Metabase backups are even easier in IIS 6, because the functionality is built right into Internet Services Manager. In fact, in addition to allowing you to back up the metabase manually, IIS 6 also automatically backs up the metabase whenever configuration changes have been made. Let's look at these automatic backups first.
IIS 6 automatically saves time-stamped (versioned) copies of the metabase; these copies are called history files and are saved in the %SystemRoot%\system32\intesrv\history folder. History files are identified by two numbers: major version and minor version. The major version number is incremented whenever you stop and start IIS using the GUI or net stop iisadmin on the command line, when IIS flushes the in-memory metabase to disk, or when you manually save the IIS configuration to disk. This provides a safety net, so you can recover an earlier configuration if you've made a series of changes and can't remember what they were, let alone how to undo them. When a new major version history file is saved, IIS includes a reference to this file in the MetaBase.xml file itself.
Minor versions are somewhat different. IIS increments the minor version number if you have edit-while-running enabled and make modifications to the metabase while IIS is running. Edit-while-running is a new feature of IIS 6 that allows you to edit the metabase directly while Iisadmin and other IIS services are still running. Whenever the major version number is incremented, the minor version number is reset to 0.
If you plan to use the new history feature of IIS 6?it's enabled by default?you will probably want to modify the history settings to suit your needs. The default history settings save a maximum of 10 history files before overwriting the oldest file.

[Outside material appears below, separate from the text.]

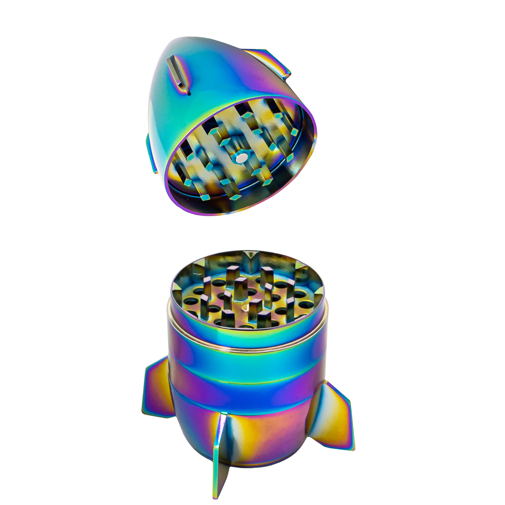 Гриндер Champ High Icy Spaceship — это высококачественное устройство для измельчения трав и сбора пыльцы, выполненное в уникальном дизайне космического корабля. Этот гриндер привлекает внимание своим ярким, радужным покрытием и необычной формой, которая напоминает космическую ракету. Он идеально подходит для всех, кто ценит стиль и функциональность в одном устройстве.

This might not be enough history if you plan to edit the metabase extensively; you might want to increase this number to 20, 30, or even 100. Make sure you have sufficient disk space for all these files, however; if IIS can't create a new history file due to insufficient disk space, it will automatically shut down without warning or explanation.
To change the maximum number of history files IIS should save, you'll have to modify a metabase setting directly; there's no way to do it from the GUI. The property you need to change is called MaxHistoryFiles and it's located in the <IIsComputer> section (if you're navigating the metabase by its key hierarchy) or the LM location (if you're navigating by location hierarchy) of the XML code. The metabase can be a confusing place; you might take a gander at [Hack #56] for guidance.
IIS 6 also lets you manually back up the metabase and export portions to a text file, similar to what we did in IIS 5. The main difference is that in IIS 6 export functionality is built directly into the GUI, so you no longer need the old MetaEdit tool for exporting. In fact, you can't use MetaEdit with IIS 6 because of the metabase's format change from binary to XML.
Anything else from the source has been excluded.